■ **Goal of the exercise**:
What you return must be exactly the lines from the beginning of the material through the line containing "After 5-days and", both included, and no pictures.
+ + +
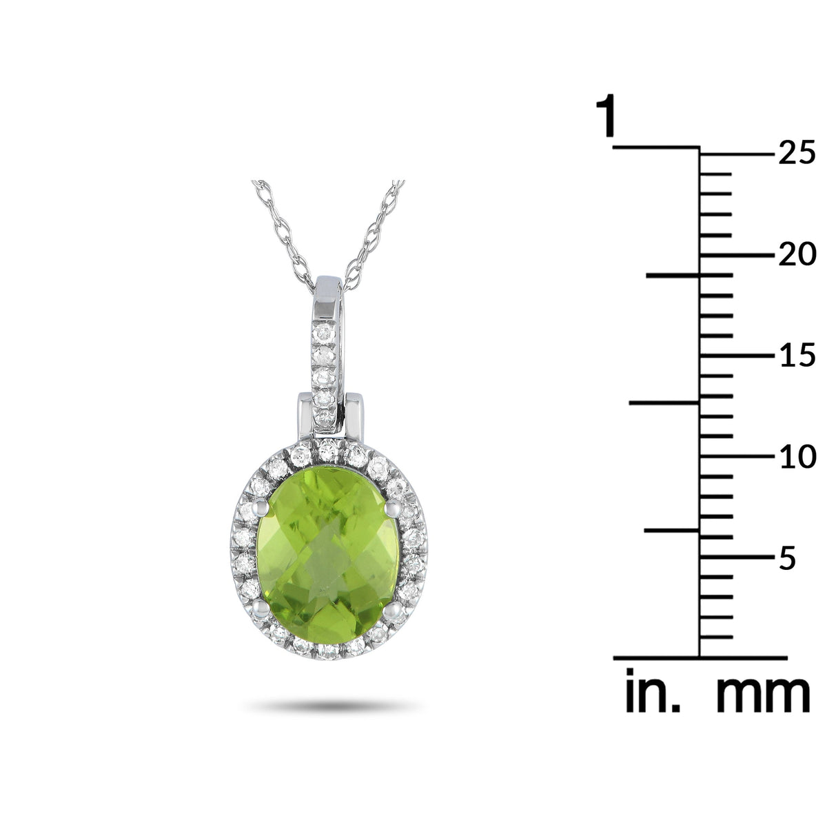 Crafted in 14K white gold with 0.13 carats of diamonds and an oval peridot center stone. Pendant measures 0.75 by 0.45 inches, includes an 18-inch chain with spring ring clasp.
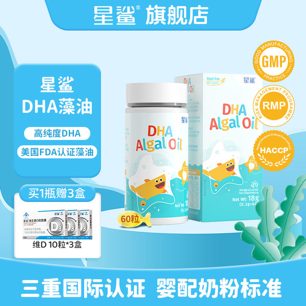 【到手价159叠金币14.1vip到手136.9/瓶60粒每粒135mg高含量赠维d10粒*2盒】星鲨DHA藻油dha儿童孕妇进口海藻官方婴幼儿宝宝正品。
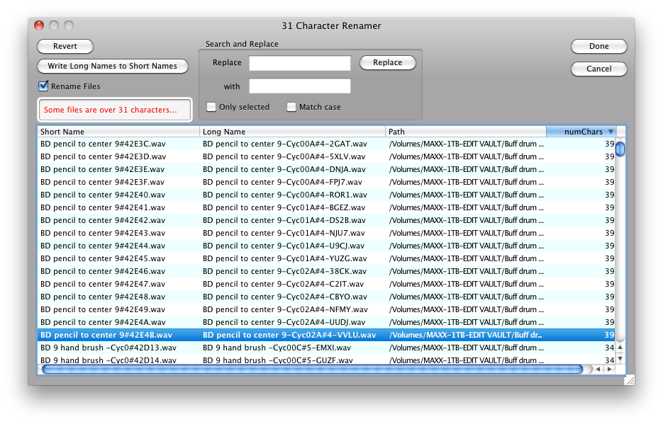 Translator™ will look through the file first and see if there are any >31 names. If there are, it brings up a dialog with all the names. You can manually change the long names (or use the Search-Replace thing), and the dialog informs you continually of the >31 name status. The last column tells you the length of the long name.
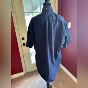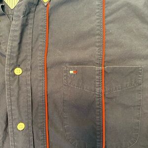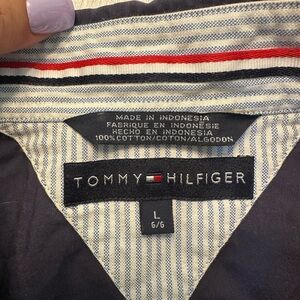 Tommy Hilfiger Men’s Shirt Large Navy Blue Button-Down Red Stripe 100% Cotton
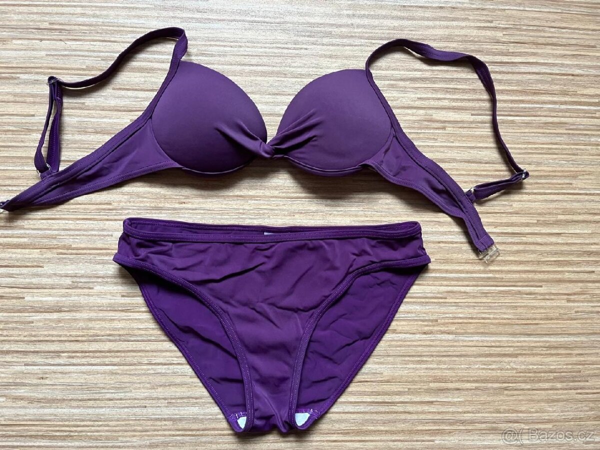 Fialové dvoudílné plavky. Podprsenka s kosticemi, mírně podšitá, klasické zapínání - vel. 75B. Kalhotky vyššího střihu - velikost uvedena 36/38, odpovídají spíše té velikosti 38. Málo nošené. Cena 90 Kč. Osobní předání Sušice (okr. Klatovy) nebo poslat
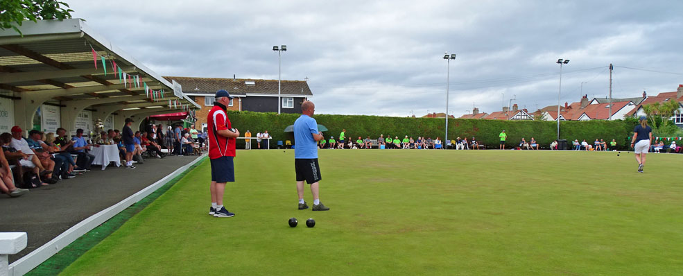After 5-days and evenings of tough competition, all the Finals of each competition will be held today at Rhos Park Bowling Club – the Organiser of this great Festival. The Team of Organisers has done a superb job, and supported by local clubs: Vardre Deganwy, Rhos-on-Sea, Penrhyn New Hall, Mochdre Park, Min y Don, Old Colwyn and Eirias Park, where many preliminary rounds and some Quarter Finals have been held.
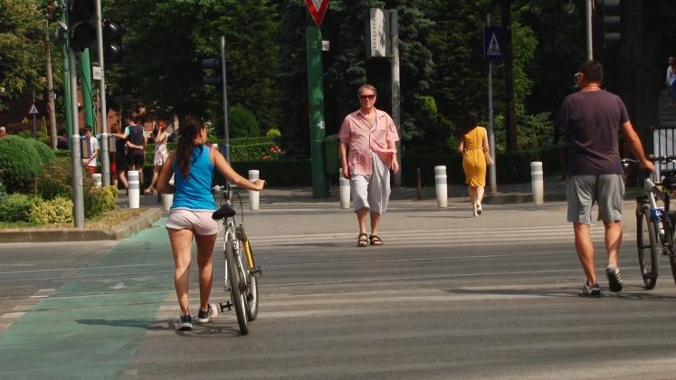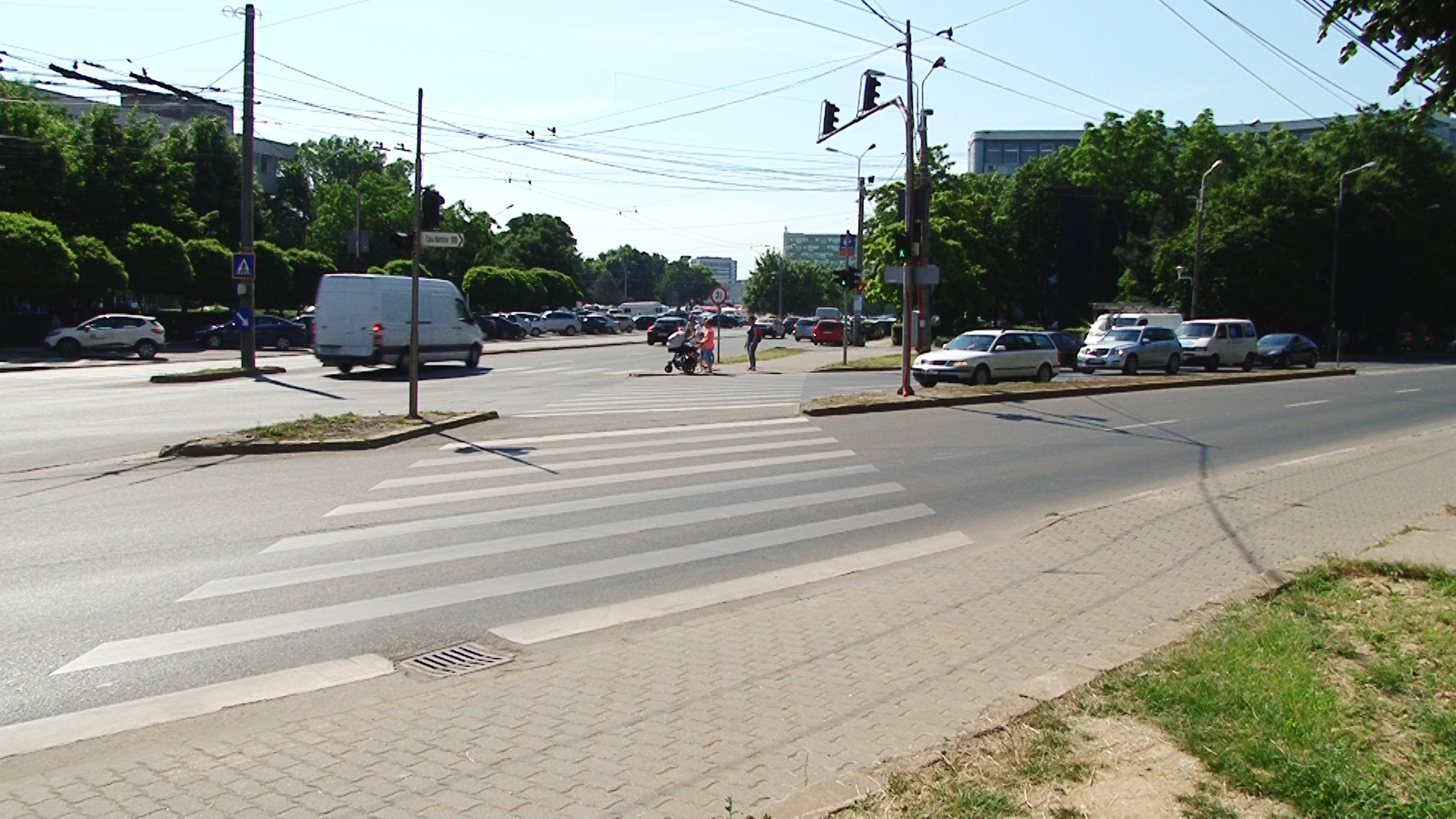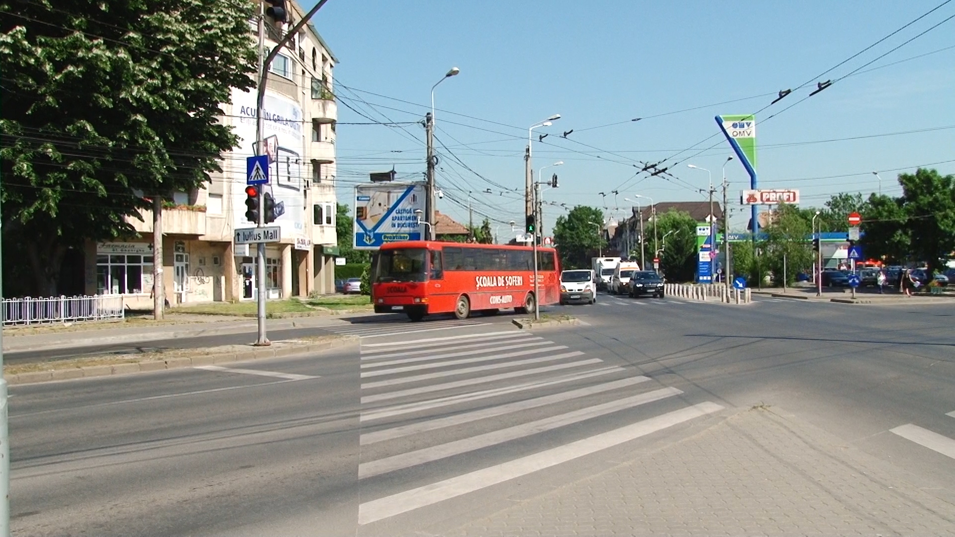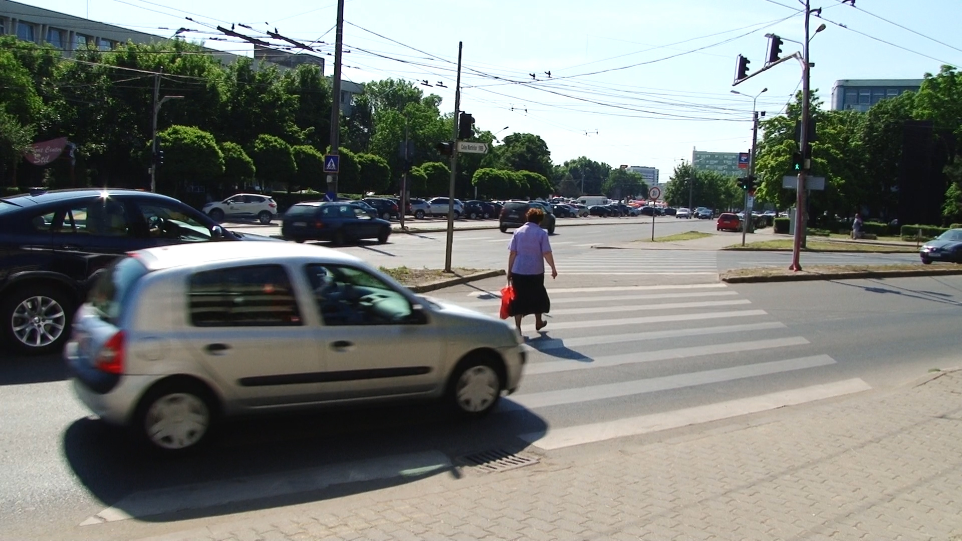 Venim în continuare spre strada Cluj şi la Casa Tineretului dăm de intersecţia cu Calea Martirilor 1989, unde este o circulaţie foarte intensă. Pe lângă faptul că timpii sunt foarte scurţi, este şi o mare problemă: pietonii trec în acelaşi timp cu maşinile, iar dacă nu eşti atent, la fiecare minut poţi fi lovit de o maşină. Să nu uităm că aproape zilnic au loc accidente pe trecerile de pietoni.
+ + +
■ **Output for this task**:
 Crafted in 14K white gold with 0.13 carats of diamonds and an oval peridot center stone. Pendant measures 0.75 by 0.45 inches, includes an 18-inch chain with spring ring clasp.
 【到手价159叠金币14.1vip到手136.9/瓶60粒每粒135mg高含量赠维d10粒*2盒】星鲨DHA藻油dha儿童孕妇进口海藻官方婴幼儿宝宝正品。
 Translator™ will look through the file first and see if there are any >31 names. If there are, it brings up a dialog with all the names. You can manually change the long names (or use the Search-Replace thing), and the dialog informs you continually of the >31 name status. The last column tells you the length of the long name.
 Tommy Hilfiger Men’s Shirt Large Navy Blue Button-Down Red Stripe 100% Cotton
 Fialové dvoudílné plavky. Podprsenka s kosticemi, mírně podšitá, klasické zapínání - vel. 75B. Kalhotky vyššího střihu - velikost uvedena 36/38, odpovídají spíše té velikosti 38. Málo nošené. Cena 90 Kč. Osobní předání Sušice (okr. Klatovy) nebo poslat
After 5-days and evenings of tough competition, all the Finals of each competition will be held today at Rhos Park Bowling Club – the Organiser of this great Festival. The Team of Organisers has done a superb job, and supported by local clubs: Vardre Deganwy, Rhos-on-Sea, Penrhyn New Hall, Mochdre Park, Min y Don, Old Colwyn and Eirias Park, where many preliminary rounds and some Quarter Finals have been held.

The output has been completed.